*** Information supplied Section Begins ***

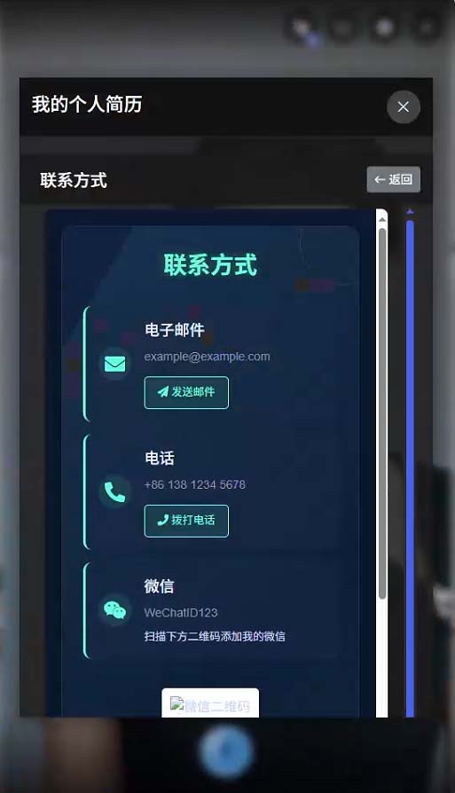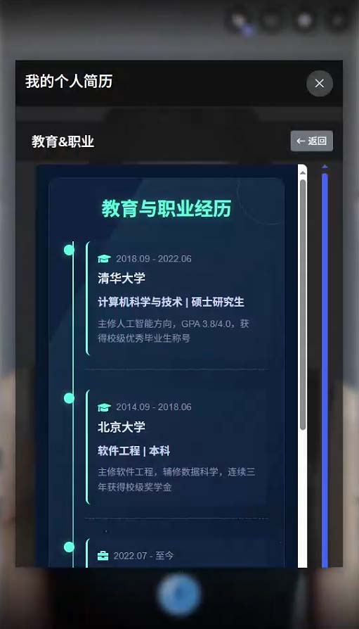 可以直接和求职人的数字分身直接对话,支持语言切换,可以方便的查看求职人的图、文、视频信息,助力毕业季求职
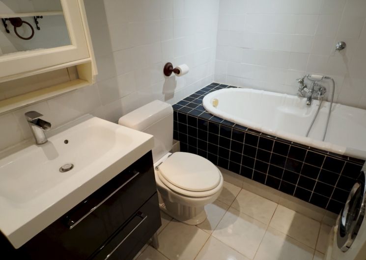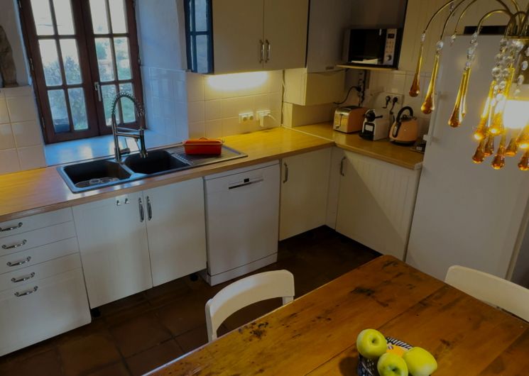 Salon. Cuisine entièrement équipée avec cuisinière à gaz, réfrigérateur, lave-linge, lave-vaisselle, cafetière, grille-pain, four micro-ondes, télévision et lecteur DVD. Table et fer à repasser
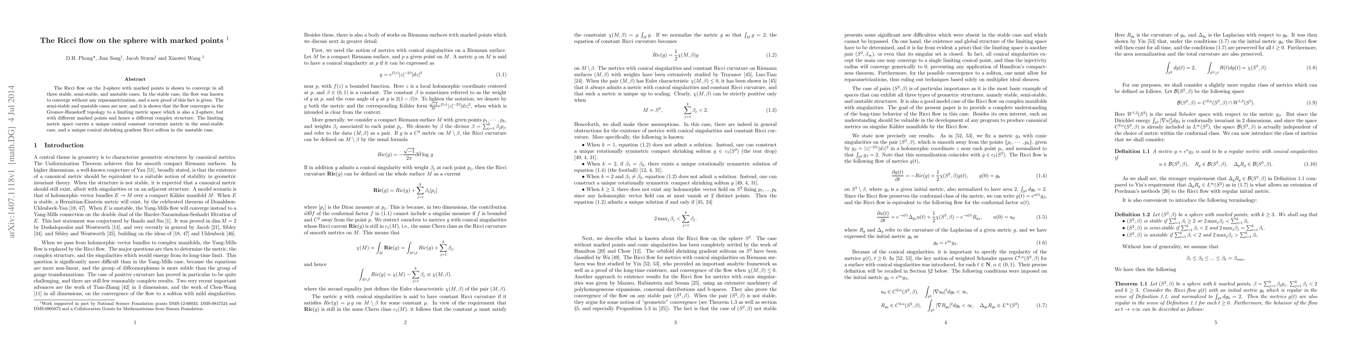 The Ricci flow on a 2-sphere with marked points converges to different limit spaces in stable, semi-stable, and unstable cases, resulting in a 2-sphere with distinct complex structures.
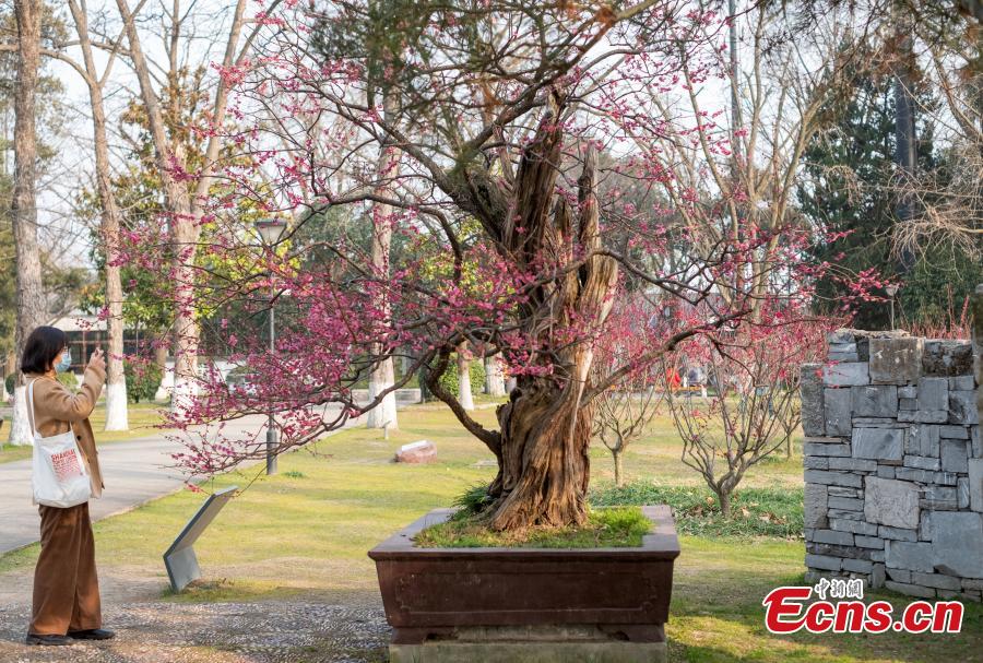 A 600-year-old plum tree is in full blossom at Xuanwu Lake Park, Nanjing, capital of east China's Jiangsu Province, March 2, 2022. (Photo: China News Service/Yang Bo)
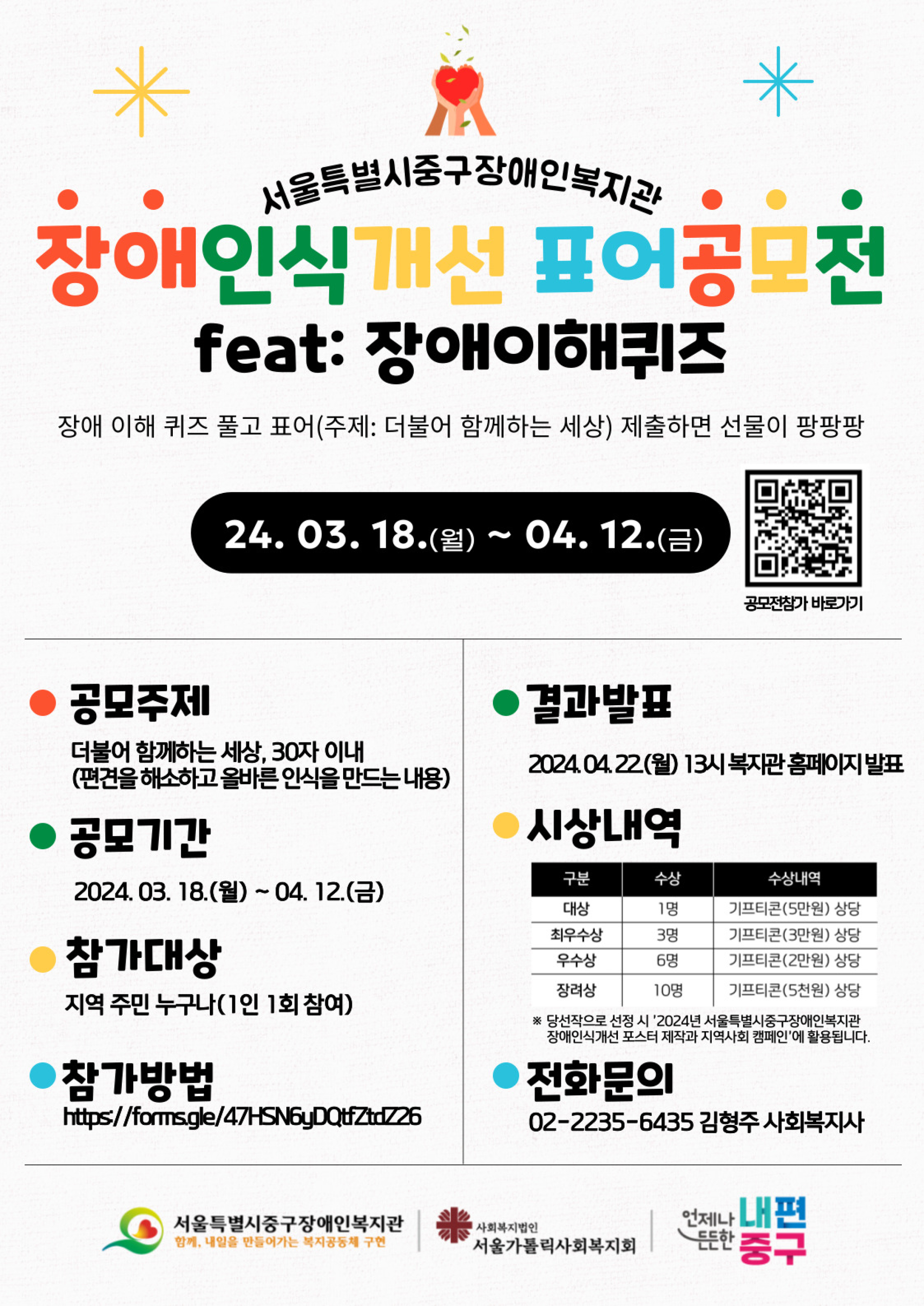 2024 서울특별시중구장애인복지관 장애인식개선 표어공모전
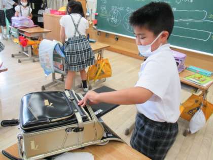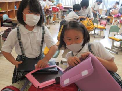 初志部の子どもたちも、Chromebookをランドセルにしまっていました。この土日の間に指定された動画を見ることに挑戦します。
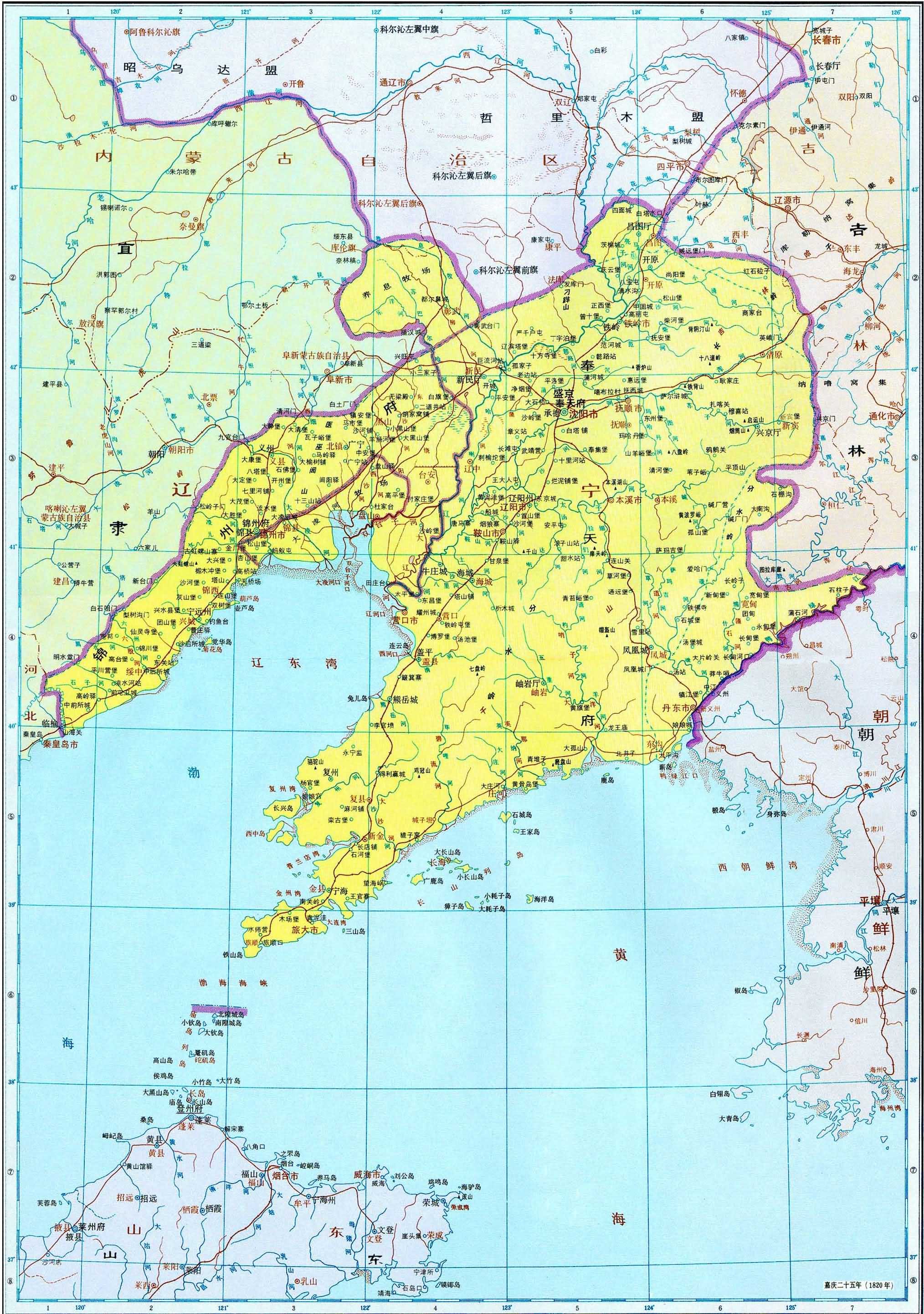 二、全圖畫出清嘉慶二十五年(1820年),光緒三十四年(1908年)的疆域政區(qū)。
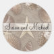 Belos vinhetas de casamento com o tema da praia, com uma estrela no centro. Uma linha branca guarda os nomes da noiva e do noivo. O fundo é uma cor natural de areia, com muitas conchas marinhas. Borda castanha de chocolate. Os adesivos tropicais divertidos podem ser personalizados instantaneamente.
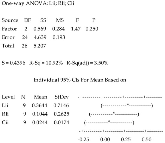 ANOVA test results of the annual variation for Land Leverage and Residential and Construction Costs Indexes (, , and ).
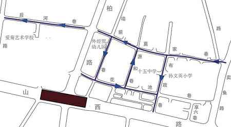翠柏片区的单向交通走向为:前莫家巷—后河巷由东向西;花池巷(翠柏路—布政巷段)由西向东;布政巷(前莫家巷—中山西路段)由北向南;源和巷(花池巷—前莫家巷段)由南向北;筱墙巷(前莫家巷—花池巷段)由北向南。这一地区的管制措施为,0:00-24:00:禁止自西向东在前莫家巷(翠柏路—卖鱼路)通行;禁止自西向东在后河巷(文化路—翠柏路)通行;禁止自东向西在花池巷(布政巷—翠柏路)通行;禁止自南向北在布政巷(中山西路—前莫家巷)通行;禁止自北向南在源和巷(前莫家巷—花池巷)通行;禁止自南向北在筱墙巷(花池巷—前莫家巷)通行。
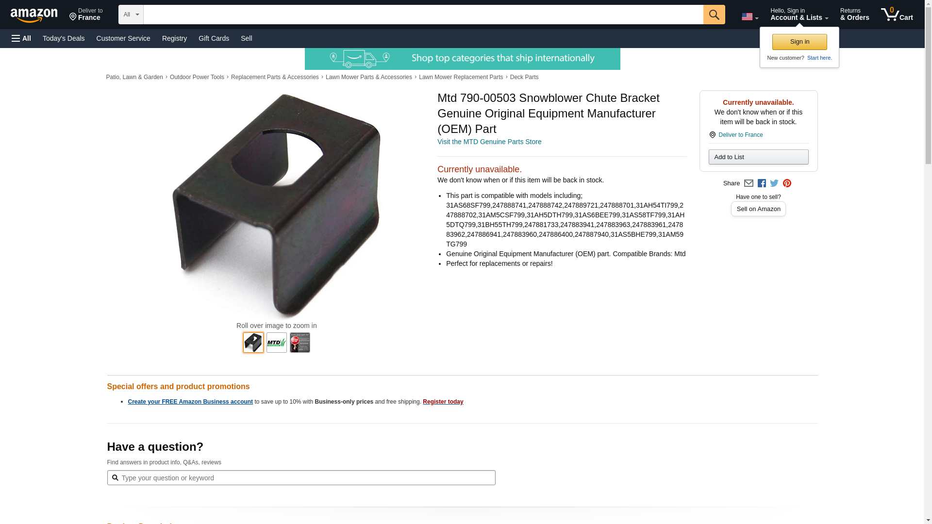 BRACKET-CHUTE REINFO To Replace MTD # 790-00503

*** Information supplied Section Ends ***

Exercise description: Return only the stretch above from the line containing "Belos vinhetas de" through the line containing "ANOVA test results", word for word and without pictures.

Exercise answer:
 Belos vinhetas de casamento com o tema da praia, com uma estrela no centro. Uma linha branca guarda os nomes da noiva e do noivo. O fundo é uma cor natural de areia, com muitas conchas marinhas. Borda castanha de chocolate. Os adesivos tropicais divertidos podem ser personalizados instantaneamente.
 ANOVA test results of the annual variation for Land Leverage and Residential and Construction Costs Indexes (, , and ).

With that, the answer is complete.